As soft as I’m sure it actually was, the blow was magnified by my disconnected state. I jolted into a semi- awake funk, snapping at least partially back into the land of the conscious. When I opened my eyes, I saw Ben’s concerned face staring back at me. He was hunched over in the darkness, arms outstretched to steady me. I looked around and found that I was sitting on the floorboards in the open door of the van with my legs hanging out.
“Rowan, talk to me,” my friend said.
I was confused. I didn’t remember stopping nor could I understand why I was sitting here in the door. And, if Ben was standing in front of me, then who was driving? Things had made more sense when my eyes were closed, so I decided that’s what I should do.
“No way,” Ben said as he shook me. “Wake up, Row. Talk to me.”
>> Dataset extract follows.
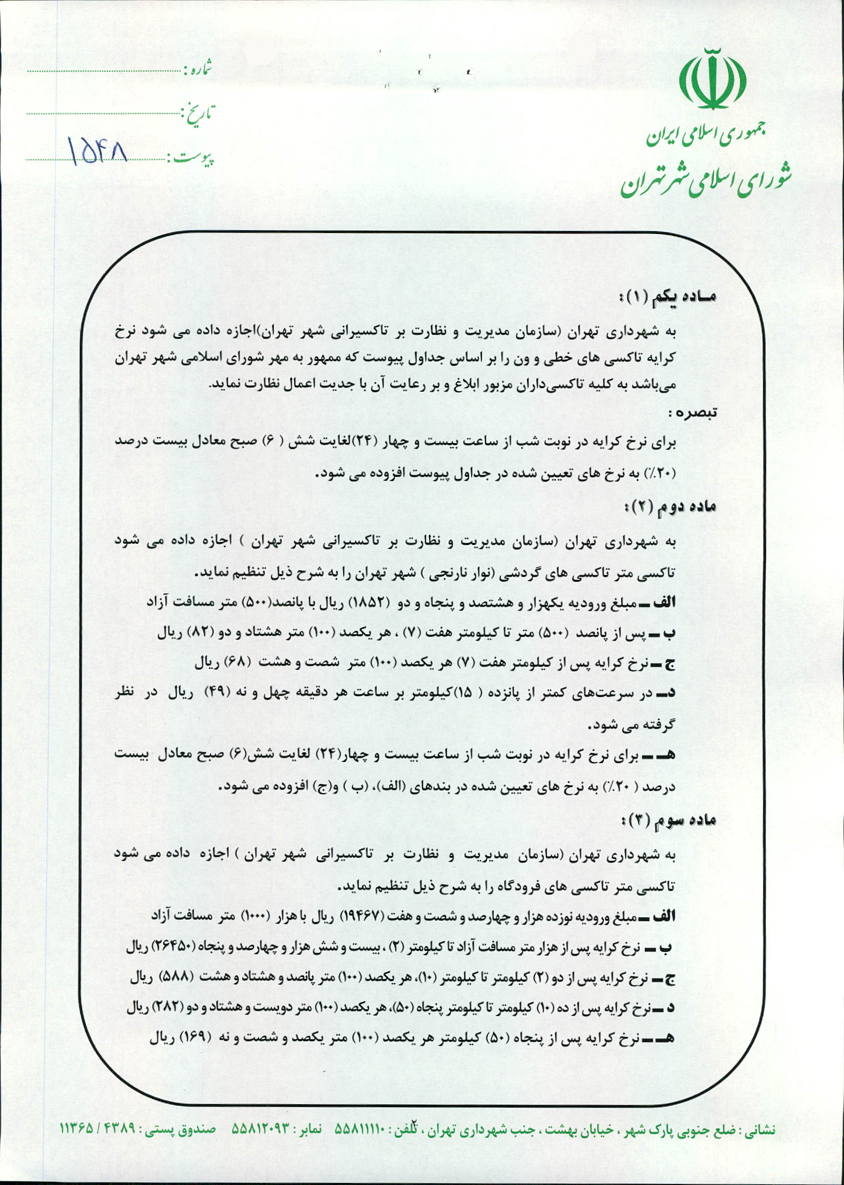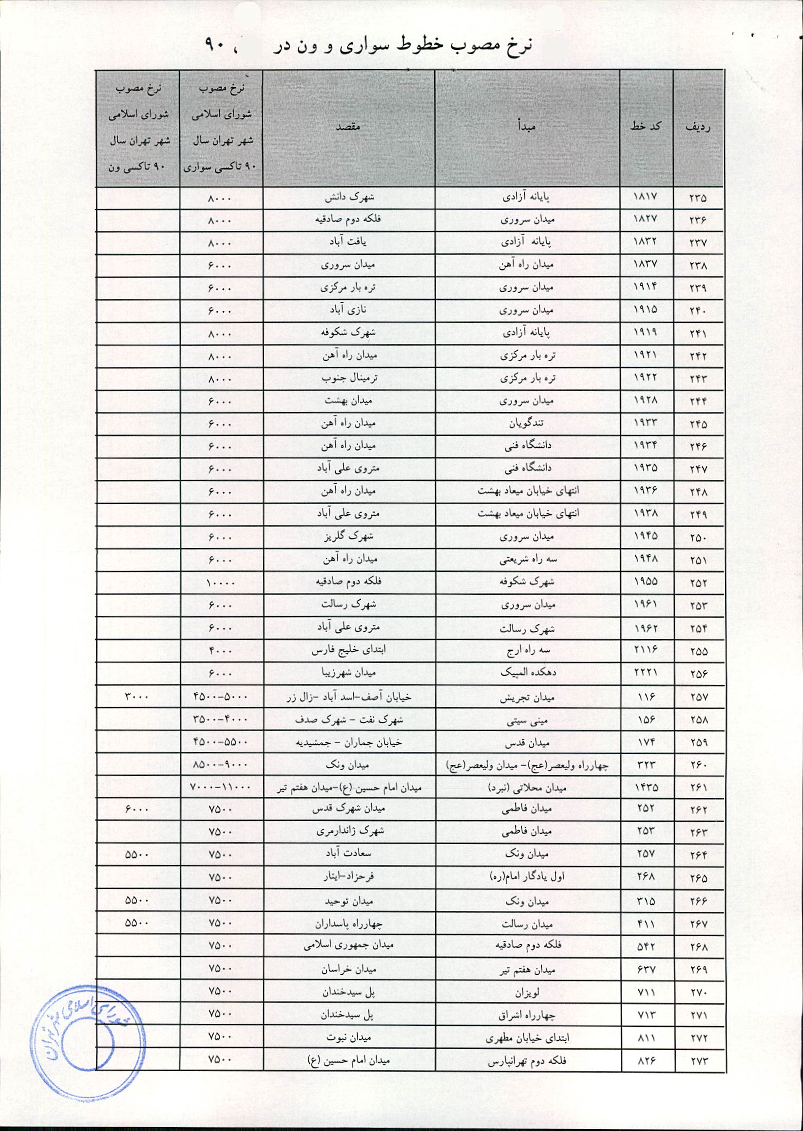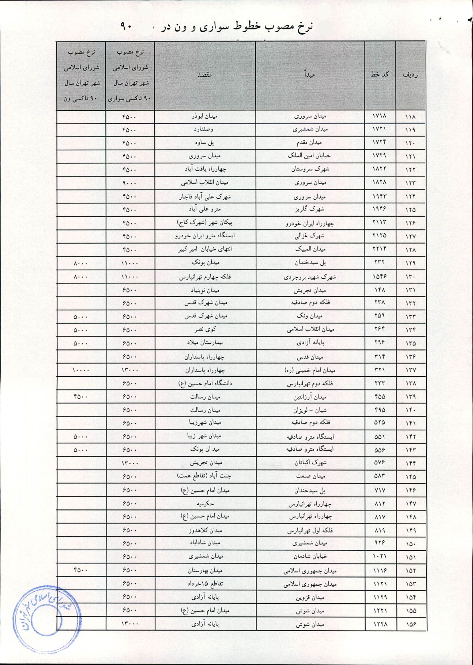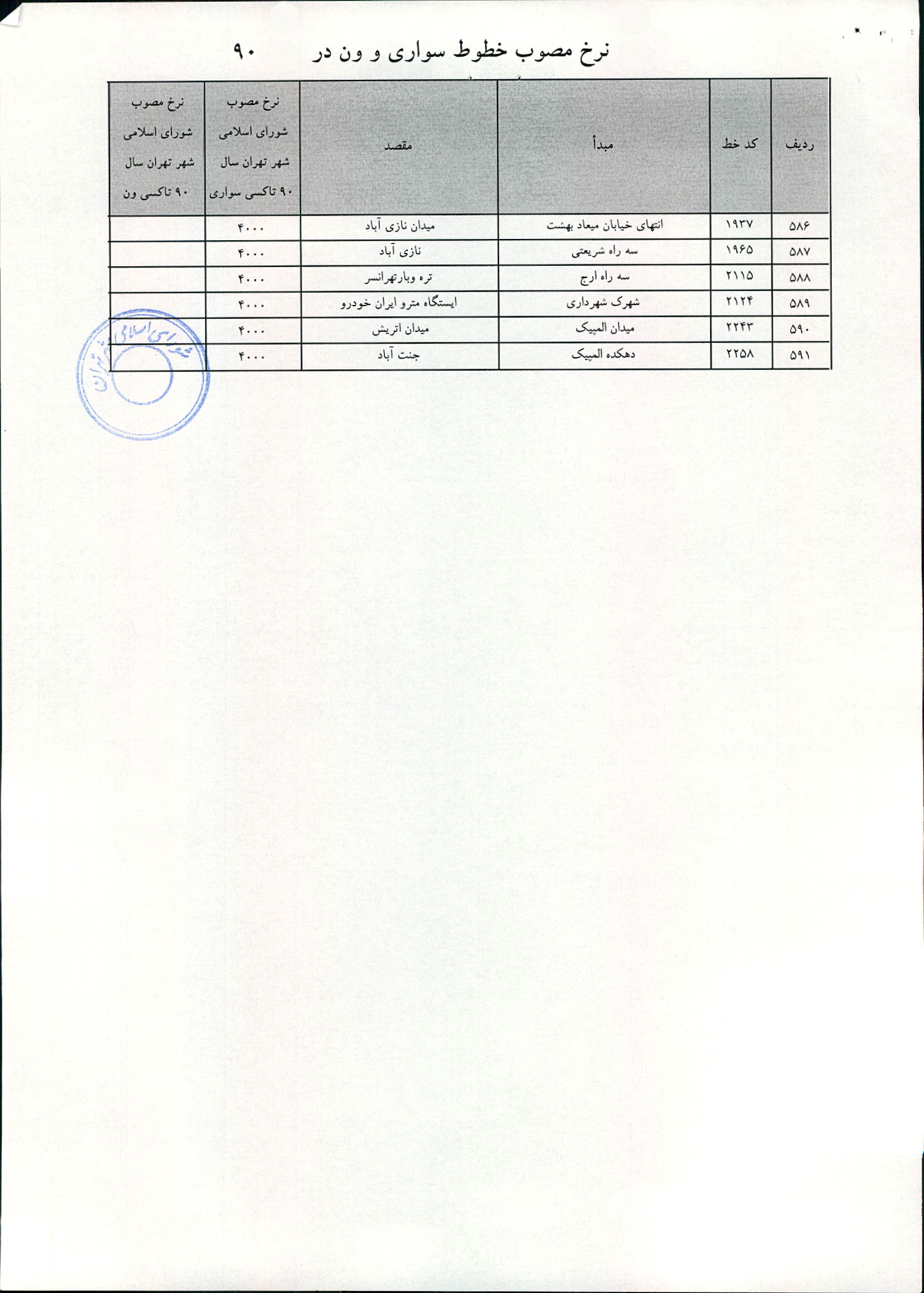 تعيين نرخ كرايه انواع تاكسي در سال 1390 در شهر تهران

I opened my eyes again and blinked, then tried to concentrate as my brain wandered through the murky fog that was overwhelming it. I started catching bits and pieces of mental impressions as they flashed to the forefront of my mind. Before long, they became fleeting images and feelings- darkness, fingernails biting into my hand, Constance trying to say something to me that I could not hear, a burn appearing on my wife’s pristine cheek…
“Felicity!” I immediately yelped, looking frantically about.
Lucidity struck like a mallet to the back of my head, and I tried to leap up from where I was sitting. My brain was starting to work, but my motor reflexes were still a few steps behind, so I stumbled as I tried to stand.
“Whoa, Kemosabe!” Ben steadied me before I could fall onto the asphalt shoulder.
I twisted away from him, turning toward the van. Seeing my wife still belted in her seat, I climbed in through the door. Hunching down on my knees, I scrambled across the floorboards, almost knocking Constance over in the process.
“She’s not coming to,” Mandalay said to me as I pushed my way in next to her.
I reached out to Felicity and brushed a tangle of auburn curls from the side of her face. My still somewhat jangled brain was hoping that everything it was remembering had been unreal. Nothing more than a frightening product of an unchecked imagination left alone to play with the contents of a tortured subconscious, namely mine.
Unfortunately, it knew full well that the sadistic nightmare had been all too real. When my eyes fell on my wife’s uncovered face, I saw that the circular burns were still there, horrific blemishes standing out against her pale skin. I noticed my own cheek tingling and began to remember even more. I looked down to see a charred divot in the back of my hand and suddenly felt very ill. If these stigmata were appearing on Felicity and me, I didn’t even want to imagine what was actually happening to Kimberly Forest.
My wife rolled her head to the side, whimpering quietly as if struggling with yet another nightmare inside. She murmured something unintelligible and then turned her face away from me.